> [What the task asks] Type out the lines below exactly, from the first through the line holding "Elegant Rails dress", and include no pictures.

> [Data for review]
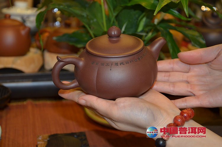此法即根据壶形加以命名这种命名方法通俗易懂、形象直观,可读名而知壶,是最常用的方法。如传统圆器之“掇球”壶,即因壶形似两球相累而名之;而“四方”、“八方”、“砖方”、“升方”壶则是直接描摹了方器的壶形。象形命名法尤其适合花货和筋囊货。如僧帽、合梅、南瓜、八卦龙头一捆竹,鱼化龙以及玉兰六瓣、菊花八瓣等;甚至还可以加上高矮、大小而加以区分,如高僧帽、大合梅等等;至于象秦权壶、井栏壶、柱础壶、竹简茶具、博浪锥壶等则完全以紫砂壶所仿制的器物直接命名。象形命名法的好处是可以由名思壶或睹壶思名,通俗形象,大众欢迎。
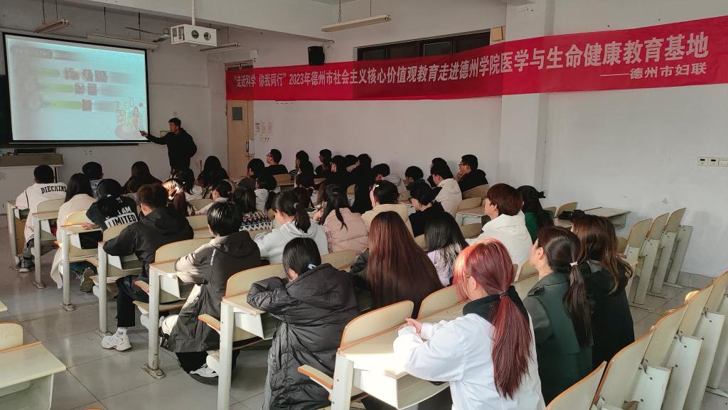 11月7日下午,德州市妇联到访医药与护理公司德州科普专家工作室,开展2023年德州市社会主义核心价值观教育活动。德州市妇联工作人员、医药与护理公司师生、资源与环境公司师生等百余人参加活动。
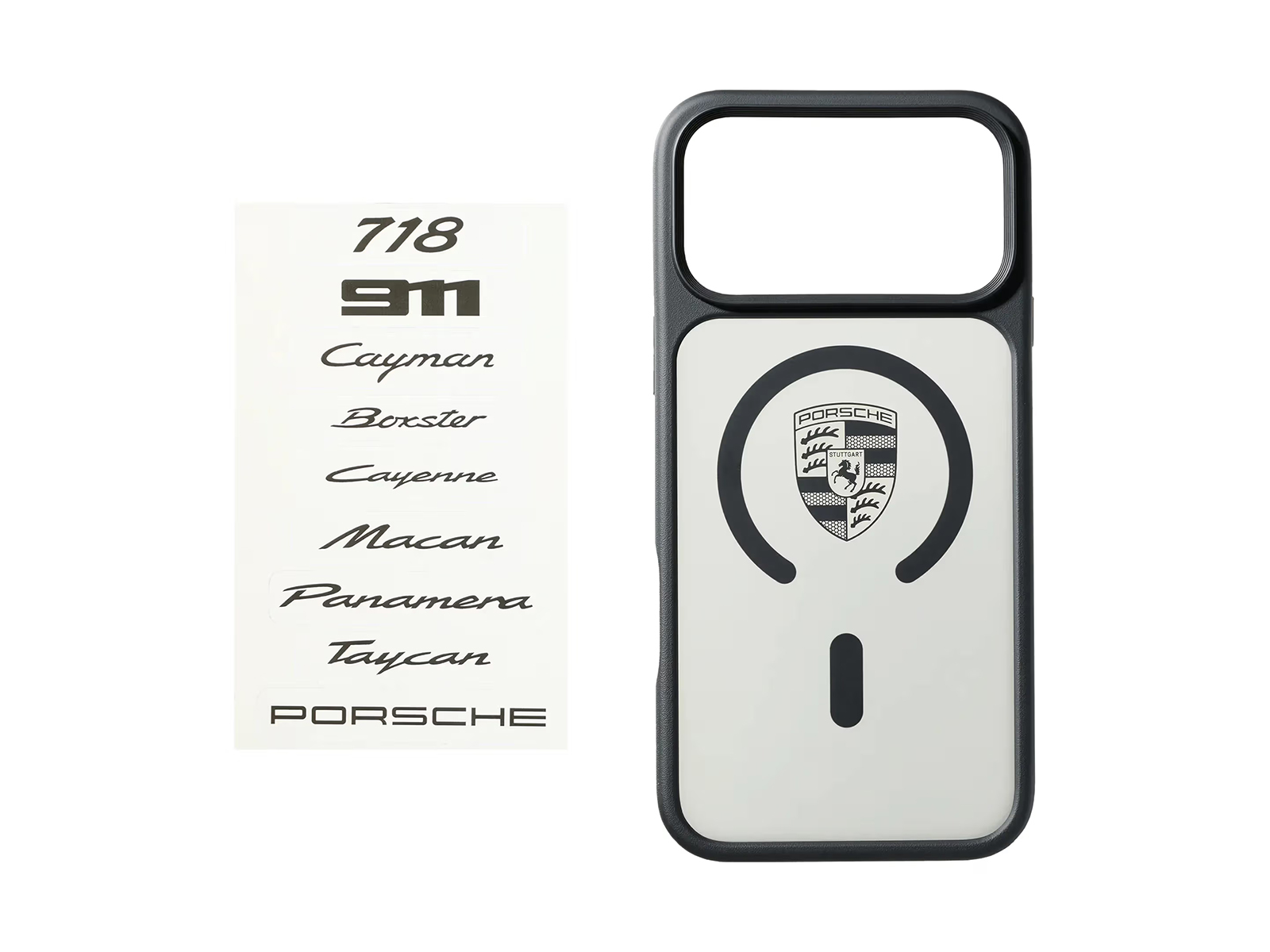 特别亮点:这款手机壳可以使用随附的保时捷汽车标志贴纸进行个性化设计。
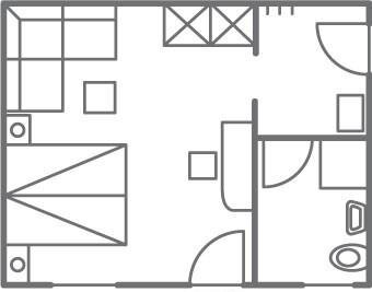 Single room type A is also possible for 2 persons, with shower/wc, desk and balcony ca. 15m².
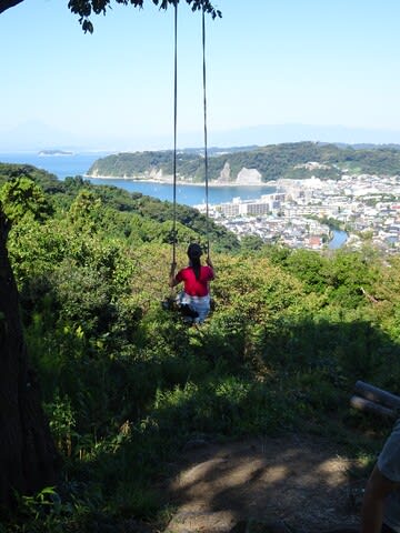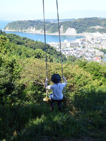 このブランコ、海に向かって漕ぐからとっても気持ちが良いんですよ。
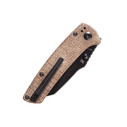 • Ergonomic Brown Micarta handle for a smooth gripping surface that is comfortable in the pocket or hand.
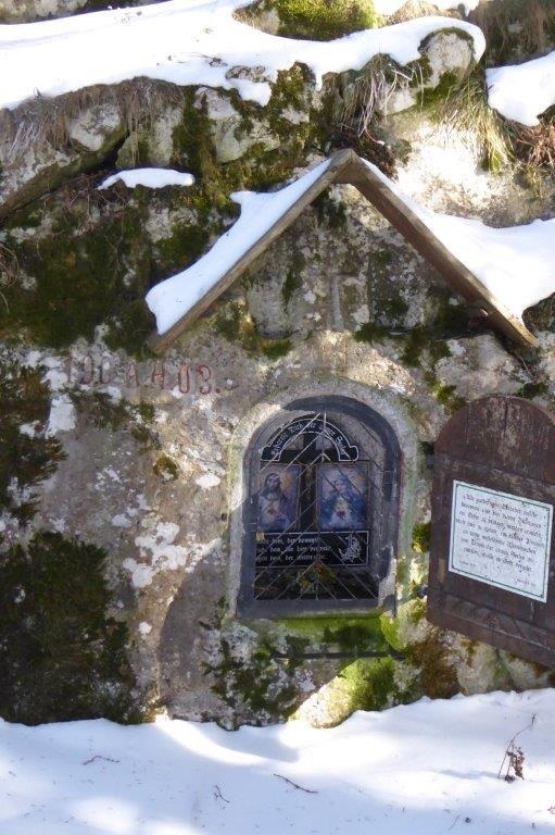Zum Schutze des Marterls vor Witterungseinflüssen wurde darüber ein einfaches Holzdach am Fels montiert und eine Holztür zum Verschließen angebracht. An deren Innenseite ist auf einer Tafel zu lesen:
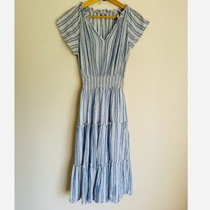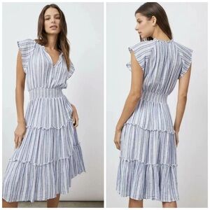 Elegant Rails dress with v-neck. Short sleeves and tiered skirt. Perfect for any occasion.
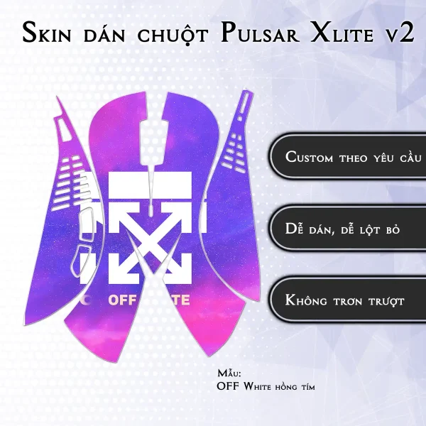 Skin dán chuột Pulsar Xlite Wireless v2 mẫu OFF White hồng tím

> [Result of this task]
此法即根据壶形加以命名这种命名方法通俗易懂、形象直观,可读名而知壶,是最常用的方法。如传统圆器之“掇球”壶,即因壶形似两球相累而名之;而“四方”、“八方”、“砖方”、“升方”壶则是直接描摹了方器的壶形。象形命名法尤其适合花货和筋囊货。如僧帽、合梅、南瓜、八卦龙头一捆竹,鱼化龙以及玉兰六瓣、菊花八瓣等;甚至还可以加上高矮、大小而加以区分,如高僧帽、大合梅等等;至于象秦权壶、井栏壶、柱础壶、竹简茶具、博浪锥壶等则完全以紫砂壶所仿制的器物直接命名。象形命名法的好处是可以由名思壶或睹壶思名,通俗形象,大众欢迎。
 11月7日下午,德州市妇联到访医药与护理公司德州科普专家工作室,开展2023年德州市社会主义核心价值观教育活动。德州市妇联工作人员、医药与护理公司师生、资源与环境公司师生等百余人参加活动。
 特别亮点:这款手机壳可以使用随附的保时捷汽车标志贴纸进行个性化设计。
 Single room type A is also possible for 2 persons, with shower/wc, desk and balcony ca. 15m².
 このブランコ、海に向かって漕ぐからとっても気持ちが良いんですよ。
 • Ergonomic Brown Micarta handle for a smooth gripping surface that is comfortable in the pocket or hand.
Zum Schutze des Marterls vor Witterungseinflüssen wurde darüber ein einfaches Holzdach am Fels montiert und eine Holztür zum Verschließen angebracht. An deren Innenseite ist auf einer Tafel zu lesen:
 Elegant Rails dress with v-neck. Short sleeves and tiered skirt. Perfect for any occasion.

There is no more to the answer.